* **EXERCISE AIM**
From the records below, set down exactly the lines starting with the line that contains "Fabrizio De Andrè" and going on through the line that contains "years of hardship.". Nothing else is wanted.
PROVIDED MATERIAL Start Marker
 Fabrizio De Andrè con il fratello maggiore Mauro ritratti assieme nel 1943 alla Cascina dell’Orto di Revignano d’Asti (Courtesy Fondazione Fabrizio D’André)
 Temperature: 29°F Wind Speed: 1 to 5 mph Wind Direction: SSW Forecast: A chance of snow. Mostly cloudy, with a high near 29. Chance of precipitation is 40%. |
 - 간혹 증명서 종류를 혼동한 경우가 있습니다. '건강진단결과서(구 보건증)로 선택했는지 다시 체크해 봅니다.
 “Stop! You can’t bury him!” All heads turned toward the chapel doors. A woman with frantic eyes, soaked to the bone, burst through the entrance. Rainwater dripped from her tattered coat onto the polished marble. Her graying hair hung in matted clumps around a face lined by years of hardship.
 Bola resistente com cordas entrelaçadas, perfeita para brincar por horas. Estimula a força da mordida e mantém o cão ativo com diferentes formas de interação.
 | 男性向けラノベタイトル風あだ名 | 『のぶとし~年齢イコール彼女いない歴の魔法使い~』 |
PROVIDED MATERIAL End Marker
PROVIDED MATERIAL Start Marker
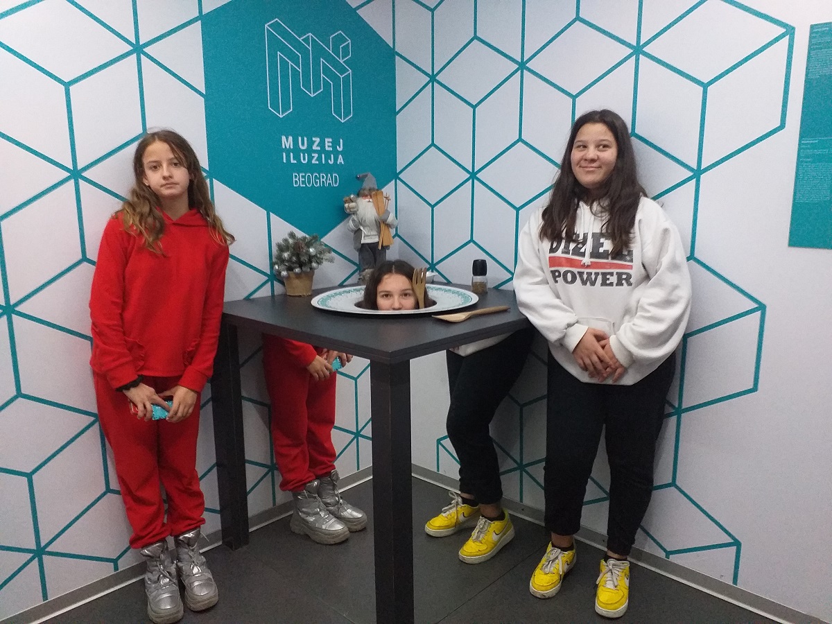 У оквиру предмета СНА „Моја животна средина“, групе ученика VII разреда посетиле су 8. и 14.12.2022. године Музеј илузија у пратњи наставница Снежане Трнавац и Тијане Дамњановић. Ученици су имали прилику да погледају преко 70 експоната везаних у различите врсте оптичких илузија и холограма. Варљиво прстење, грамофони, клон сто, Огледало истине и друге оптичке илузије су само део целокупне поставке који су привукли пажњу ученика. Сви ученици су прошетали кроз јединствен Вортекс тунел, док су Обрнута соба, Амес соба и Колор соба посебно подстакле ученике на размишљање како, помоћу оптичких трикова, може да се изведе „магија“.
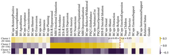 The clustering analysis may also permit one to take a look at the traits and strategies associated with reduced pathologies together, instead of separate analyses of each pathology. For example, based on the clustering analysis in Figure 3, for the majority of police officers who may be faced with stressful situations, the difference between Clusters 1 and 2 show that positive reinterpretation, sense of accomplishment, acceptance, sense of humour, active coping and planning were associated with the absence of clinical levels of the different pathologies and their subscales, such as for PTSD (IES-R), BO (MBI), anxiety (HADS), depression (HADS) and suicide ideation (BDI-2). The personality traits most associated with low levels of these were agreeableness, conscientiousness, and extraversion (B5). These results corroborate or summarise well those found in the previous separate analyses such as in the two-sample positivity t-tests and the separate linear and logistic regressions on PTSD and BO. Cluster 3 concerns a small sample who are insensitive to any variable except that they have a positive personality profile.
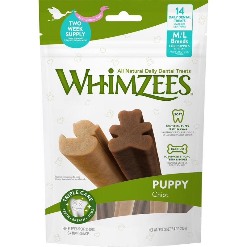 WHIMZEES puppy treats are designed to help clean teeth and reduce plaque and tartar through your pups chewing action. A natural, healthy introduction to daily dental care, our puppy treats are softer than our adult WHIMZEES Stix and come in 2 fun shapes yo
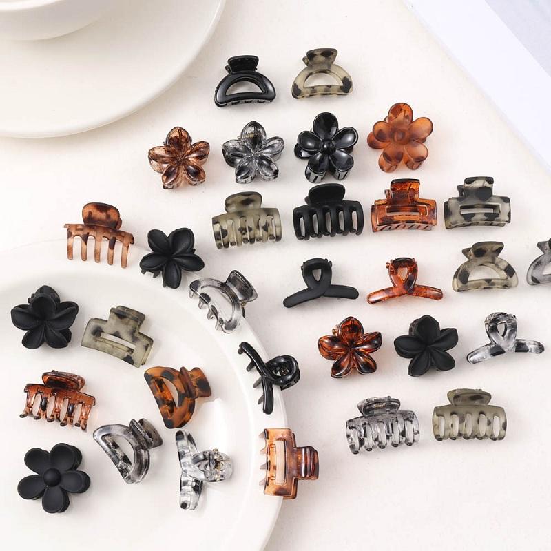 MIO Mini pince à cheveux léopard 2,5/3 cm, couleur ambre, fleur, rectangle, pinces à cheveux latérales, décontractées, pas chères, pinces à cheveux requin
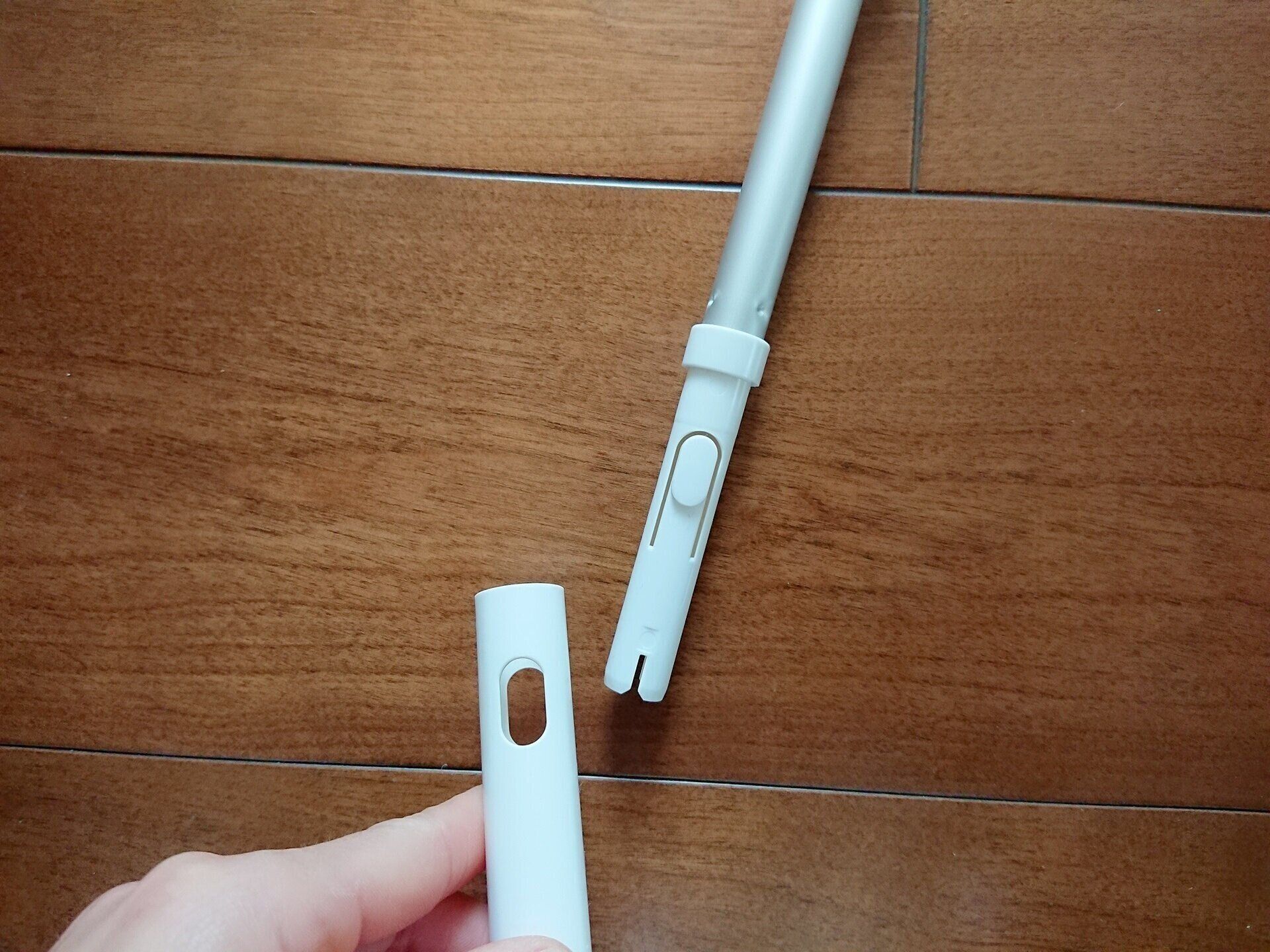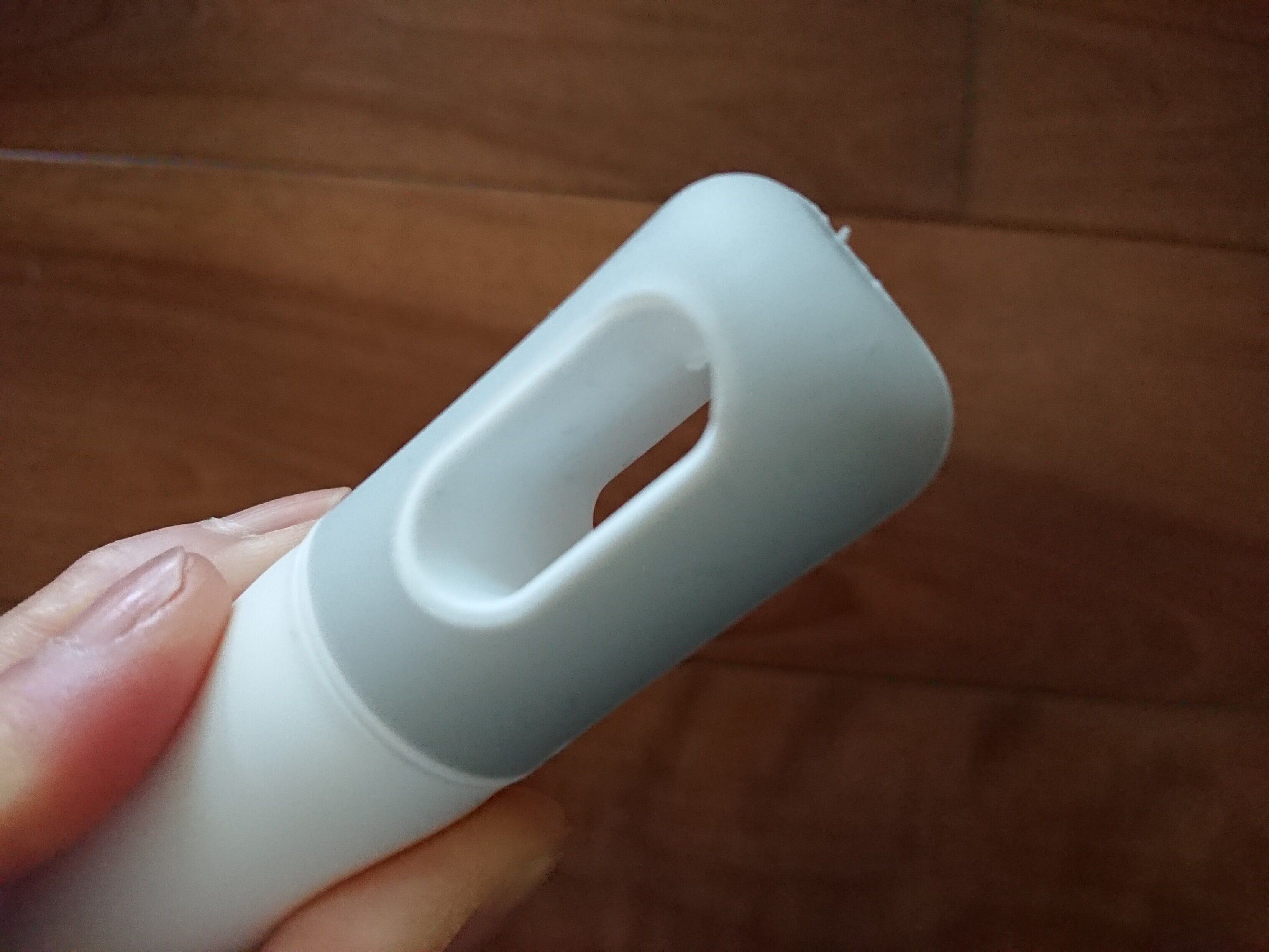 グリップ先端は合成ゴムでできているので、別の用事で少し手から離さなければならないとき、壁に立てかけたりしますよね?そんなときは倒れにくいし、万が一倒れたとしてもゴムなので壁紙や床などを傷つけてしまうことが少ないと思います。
PROVIDED MATERIAL End Marker
* **FINISHED EXERCISE**
 Fabrizio De Andrè con il fratello maggiore Mauro ritratti assieme nel 1943 alla Cascina dell’Orto di Revignano d’Asti (Courtesy Fondazione Fabrizio D’André)
 Temperature: 29°F Wind Speed: 1 to 5 mph Wind Direction: SSW Forecast: A chance of snow. Mostly cloudy, with a high near 29. Chance of precipitation is 40%. |
 - 간혹 증명서 종류를 혼동한 경우가 있습니다. '건강진단결과서(구 보건증)로 선택했는지 다시 체크해 봅니다.
 “Stop! You can’t bury him!” All heads turned toward the chapel doors. A woman with frantic eyes, soaked to the bone, burst through the entrance. Rainwater dripped from her tattered coat onto the polished marble. Her graying hair hung in matted clumps around a face lined by years of hardship.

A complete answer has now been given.